Data supplied START
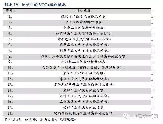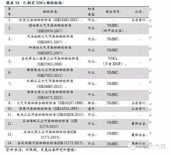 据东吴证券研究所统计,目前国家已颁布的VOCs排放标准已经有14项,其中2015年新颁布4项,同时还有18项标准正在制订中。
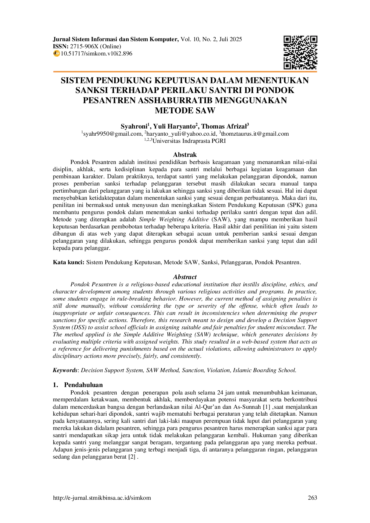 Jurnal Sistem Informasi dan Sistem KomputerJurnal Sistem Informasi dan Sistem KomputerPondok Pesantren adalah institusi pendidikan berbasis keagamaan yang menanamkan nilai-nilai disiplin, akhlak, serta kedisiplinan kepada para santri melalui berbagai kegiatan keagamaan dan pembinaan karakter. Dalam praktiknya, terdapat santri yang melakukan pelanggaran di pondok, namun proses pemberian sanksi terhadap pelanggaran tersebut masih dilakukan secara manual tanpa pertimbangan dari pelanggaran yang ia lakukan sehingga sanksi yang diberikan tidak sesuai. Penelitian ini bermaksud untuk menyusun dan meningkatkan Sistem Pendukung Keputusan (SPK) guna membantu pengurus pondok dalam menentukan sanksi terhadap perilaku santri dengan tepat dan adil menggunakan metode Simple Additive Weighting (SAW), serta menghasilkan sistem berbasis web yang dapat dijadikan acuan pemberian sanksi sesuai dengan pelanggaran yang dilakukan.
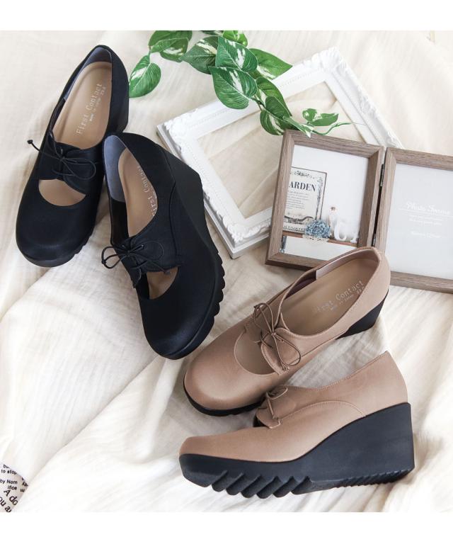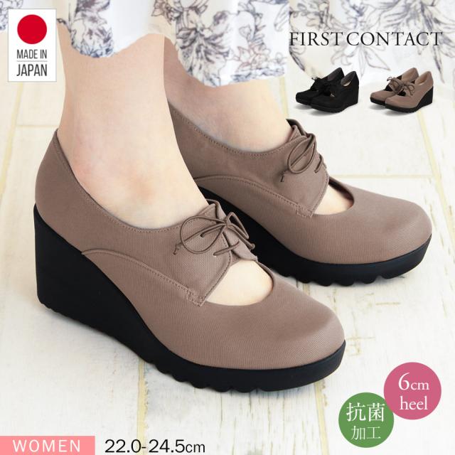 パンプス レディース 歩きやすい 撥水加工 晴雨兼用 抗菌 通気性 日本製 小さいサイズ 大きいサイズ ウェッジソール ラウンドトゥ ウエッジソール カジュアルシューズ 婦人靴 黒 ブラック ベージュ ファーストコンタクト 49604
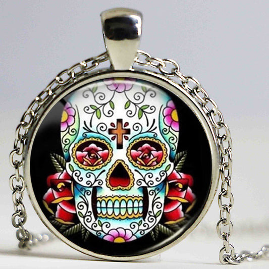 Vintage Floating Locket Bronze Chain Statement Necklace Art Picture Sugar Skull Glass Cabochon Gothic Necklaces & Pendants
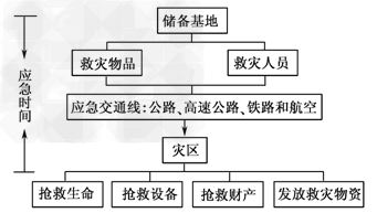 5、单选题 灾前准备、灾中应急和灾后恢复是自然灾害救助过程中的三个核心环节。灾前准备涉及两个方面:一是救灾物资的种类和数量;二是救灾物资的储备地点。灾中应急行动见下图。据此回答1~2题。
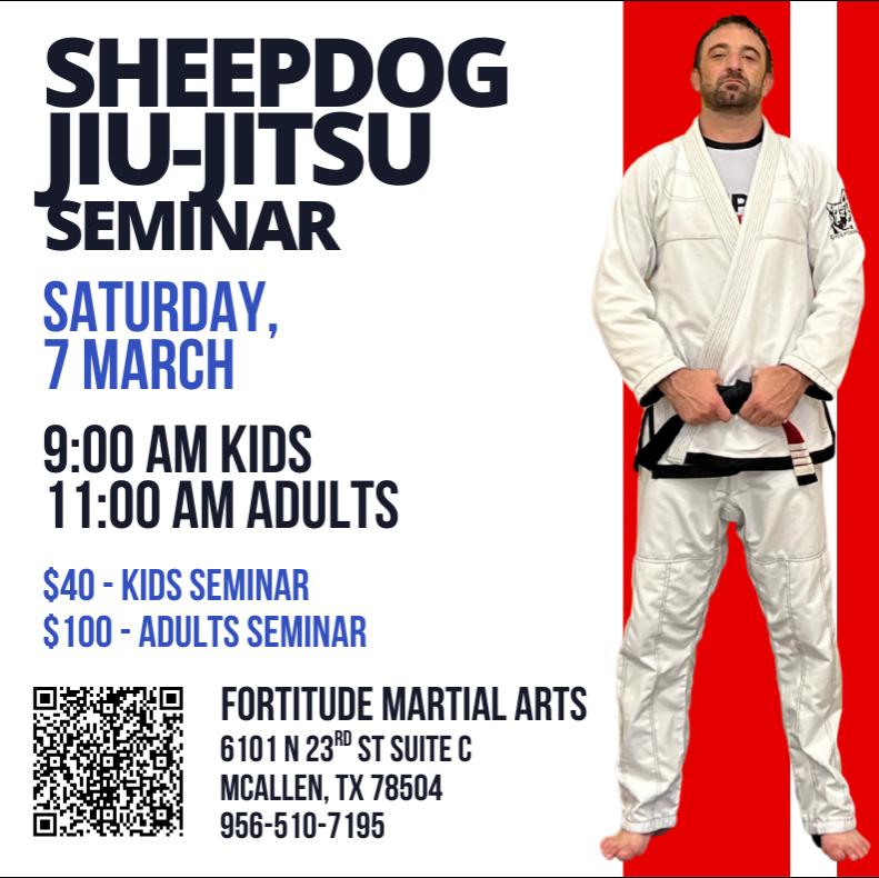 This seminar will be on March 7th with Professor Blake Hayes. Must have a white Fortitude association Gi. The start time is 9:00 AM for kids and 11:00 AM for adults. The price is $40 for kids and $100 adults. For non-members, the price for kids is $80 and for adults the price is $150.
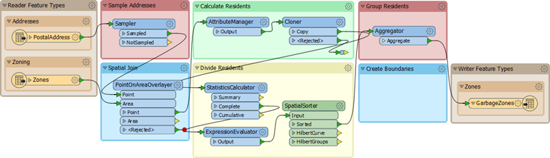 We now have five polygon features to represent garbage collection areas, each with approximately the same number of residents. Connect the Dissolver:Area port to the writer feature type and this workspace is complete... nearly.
Data supplied END
Data supplied START
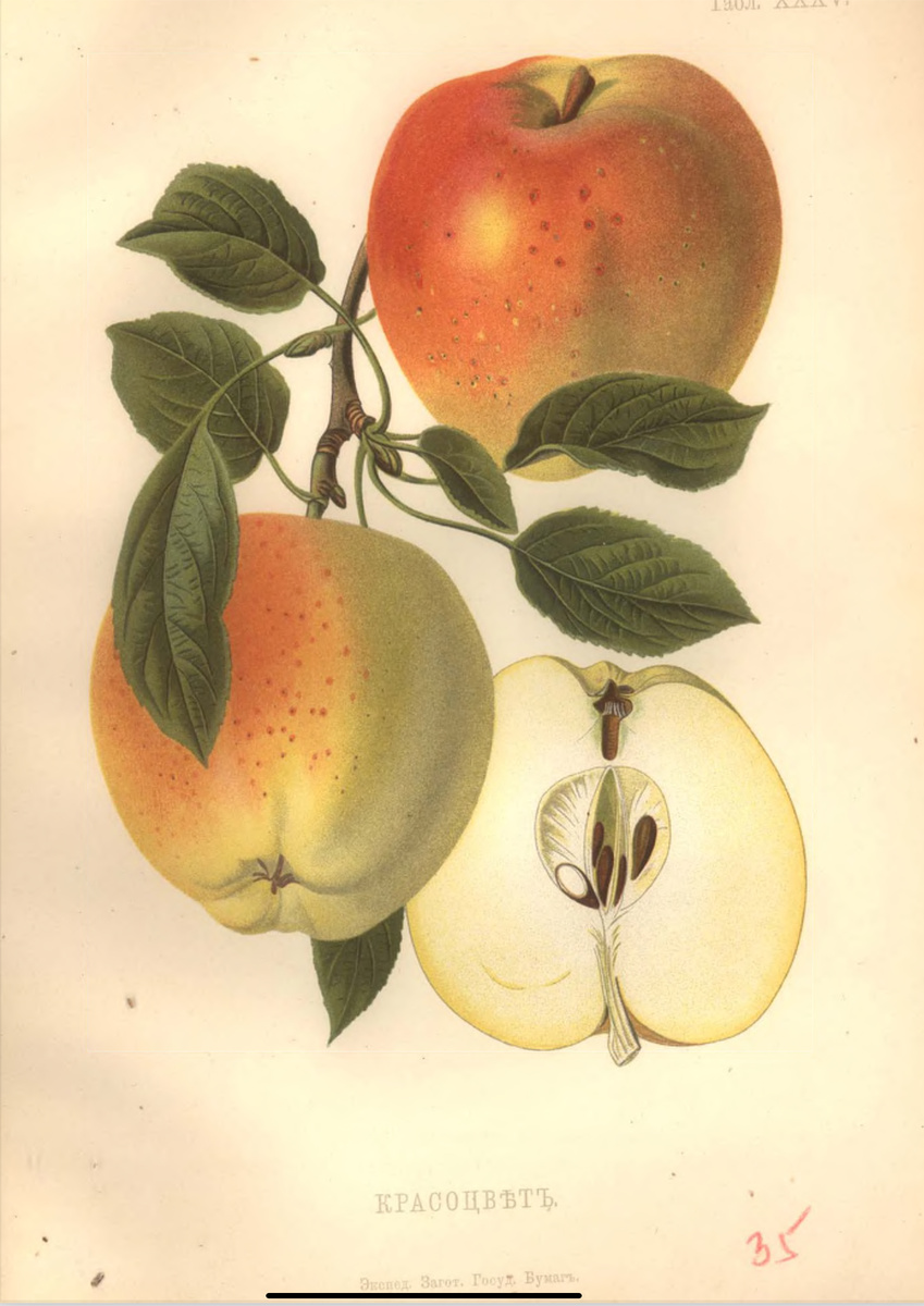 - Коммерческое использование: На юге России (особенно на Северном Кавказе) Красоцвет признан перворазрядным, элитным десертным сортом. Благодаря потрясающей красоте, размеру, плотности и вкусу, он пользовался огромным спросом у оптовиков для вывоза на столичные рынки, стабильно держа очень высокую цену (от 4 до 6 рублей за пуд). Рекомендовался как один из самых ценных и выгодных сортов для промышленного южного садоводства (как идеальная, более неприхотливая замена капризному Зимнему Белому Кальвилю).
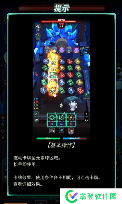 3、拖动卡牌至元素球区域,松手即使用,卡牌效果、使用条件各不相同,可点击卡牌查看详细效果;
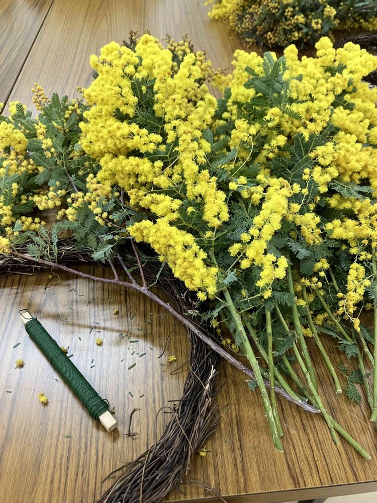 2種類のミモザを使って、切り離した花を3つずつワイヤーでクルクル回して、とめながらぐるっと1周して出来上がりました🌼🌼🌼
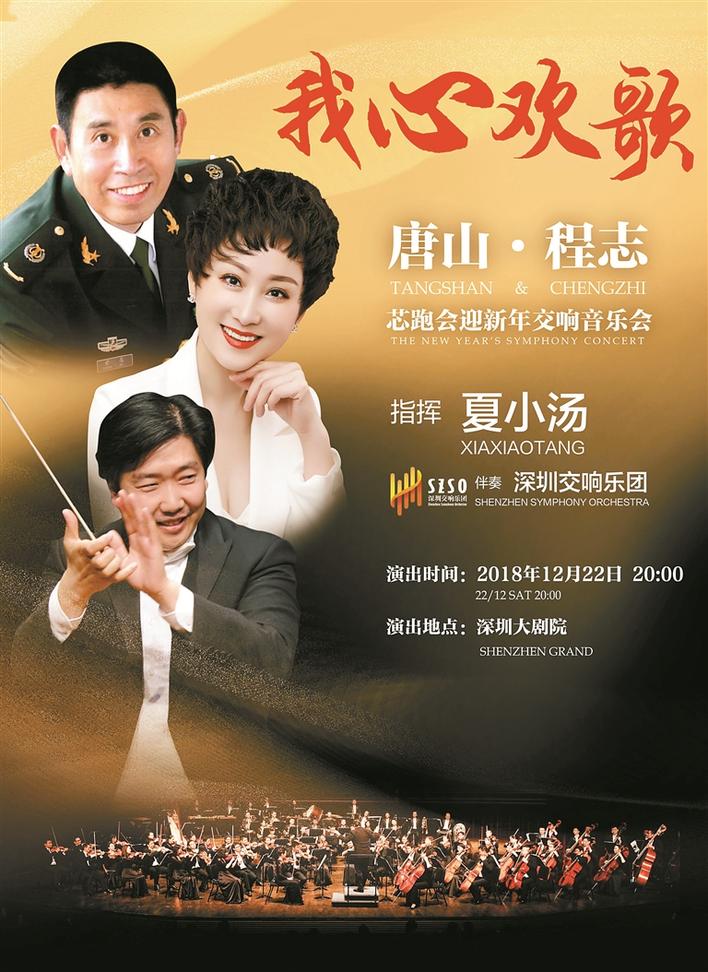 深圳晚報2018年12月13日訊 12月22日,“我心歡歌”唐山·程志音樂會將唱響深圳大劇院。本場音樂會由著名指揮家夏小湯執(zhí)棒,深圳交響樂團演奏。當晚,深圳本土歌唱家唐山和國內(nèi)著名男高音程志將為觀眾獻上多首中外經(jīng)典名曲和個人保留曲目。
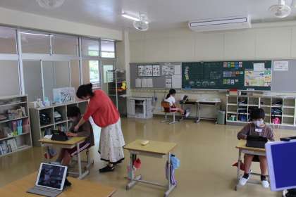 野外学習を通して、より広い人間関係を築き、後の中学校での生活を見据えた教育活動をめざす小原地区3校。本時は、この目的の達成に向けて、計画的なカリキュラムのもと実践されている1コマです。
Data supplied END
▶ **Directions for this task**:
Nothing but the lines above from the one that has "パンプス レディース 歩きやすい" down to the one that has "This seminar will" belongs in the answer, copied exactly, without pictures.

▶ **The completed task**:
 パンプス レディース 歩きやすい 撥水加工 晴雨兼用 抗菌 通気性 日本製 小さいサイズ 大きいサイズ ウェッジソール ラウンドトゥ ウエッジソール カジュアルシューズ 婦人靴 黒 ブラック ベージュ ファーストコンタクト 49604
 Vintage Floating Locket Bronze Chain Statement Necklace Art Picture Sugar Skull Glass Cabochon Gothic Necklaces & Pendants
 5、单选题 灾前准备、灾中应急和灾后恢复是自然灾害救助过程中的三个核心环节。灾前准备涉及两个方面:一是救灾物资的种类和数量;二是救灾物资的储备地点。灾中应急行动见下图。据此回答1~2题。
 This seminar will be on March 7th with Professor Blake Hayes. Must have a white Fortitude association Gi. The start time is 9:00 AM for kids and 11:00 AM for adults. The price is $40 for kids and $100 adults. For non-members, the price for kids is $80 and for adults the price is $150.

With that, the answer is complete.